Paul de Tarse : Lecture critique de l’épître aux Galates PDF

Jésus et à l’enseignement de ses premiers disciples qui ont été reconnus comme  canoniques  par paul de Tarse : Lecture critique de l’épître aux Galates PDF autorités chrétiennes au terme d’un processus de plusieurs siècles. Le mot grec a un sens plus large que le mot latin, puisqu’il comporte la notion de contrat.

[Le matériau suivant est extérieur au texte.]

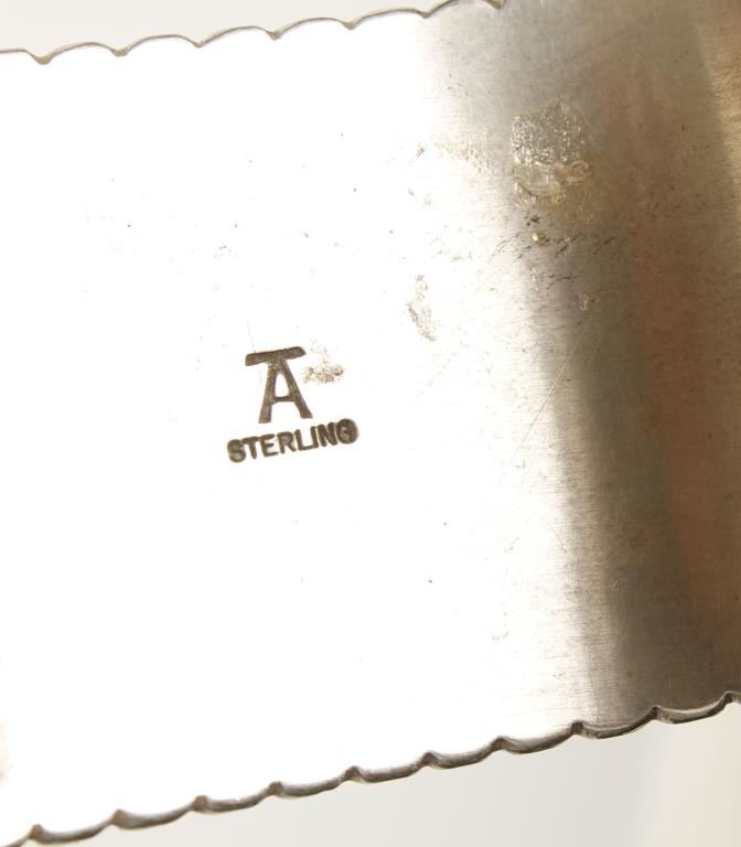 Set in sterling silver. By well known silver smith Tony Aguilar. Marked "TA". In mint condition. Unique geometric cut turquoise design.
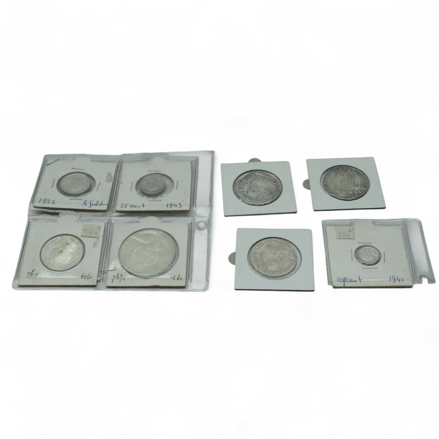 Lot diverse zilveren munten: 10 cent 1941, ½ Gulden 1922, 25 cent 1943, Rijksdaalder 1930 en Gulden 1929. Met daarbij drie 18e eeuwse munten: 1G Overijssel 1723, 1 G Holland 1794 en 1 G Utrecht ...
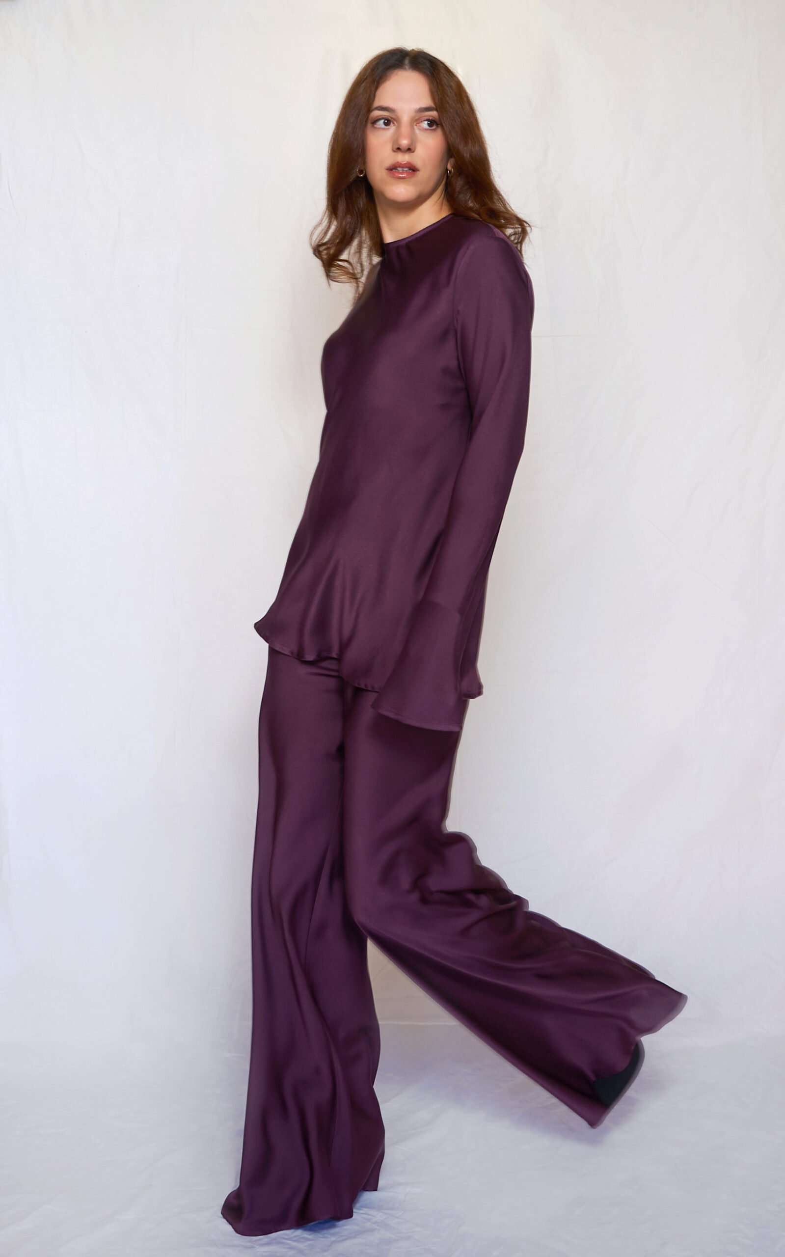 A fluid silhouette and timeless elegance define these wide-leg satin pants by ckontova. Designed with a high waist and soft pleats, they offer a flattering drape and polished flow with every step. Crafted from lightweight, glossy satin fabric, they pair perfectly with coordinating tops for an effortless statement look, from office wear to evening outings.

Aussi certains préfèrent-ils le traduire par  alliance . La version de référence du Nouveau Testament en grec : le  Nestle-Aland .


Ce livre s’adresse à tous ceux, croyants ou non croyants, juifs ou chrétiens, voire musulmans qui, mus par leur curiosité historique ou leurs interrogations religieuses, et fidèles en même temps à l’esprit de rigueur, voudraient pouvoir lire, en comprenant pleinement leur sens, les lettres authentiques de Paul de Tarse, premiers témoins du christianisme et textes fondateurs de la chrétienté . C’est pourquoi le fondement du travail que l’auteur a entreprit est scientifique et sa démarche pédagogique.

Le canon se clôt à 27 livres par autorité d’Église. De ce fait, il se ferme plus tôt qu’en Orient au concile de Rome en 382, confirmé aux synodes régionaux de Carthage de 397 et de 419. Cette question n’est pas traitée dans les conciles œcuméniques de la fin du siècle. Dans les Églises grecques c’est l’usage des livres dans les communautés qui détermine le canon. Le canon démarre à 22 livres, sans épître aux Hébreux, sans lettres de Jacques, ni 2 Pierre, ni 3 Jean non plus que Jude. Cyprien de Carthage ne cite aucun de ces 5 livres non plus que la lettre à Philémon et, bien évidemment sans Apocalypse. Apocalypse, qui signifie  révélation , prophétie sur la fin des temps.

Articles détaillés : Problème synoptique, Théorie des deux sources et Source Q. Mt et Lc ont en commun une grande partie de leurs récits et ont été vraisemblablement écrits à partir de deux sources communes : l’Évangile selon Marc et la source Q. David, l’héritier de tous les rois d’Israël et le Messie qu’ils espéraient. Jésus comme le nouveau Salomon : en effet, Jésus s’exprime comme la Sagesse incarnée.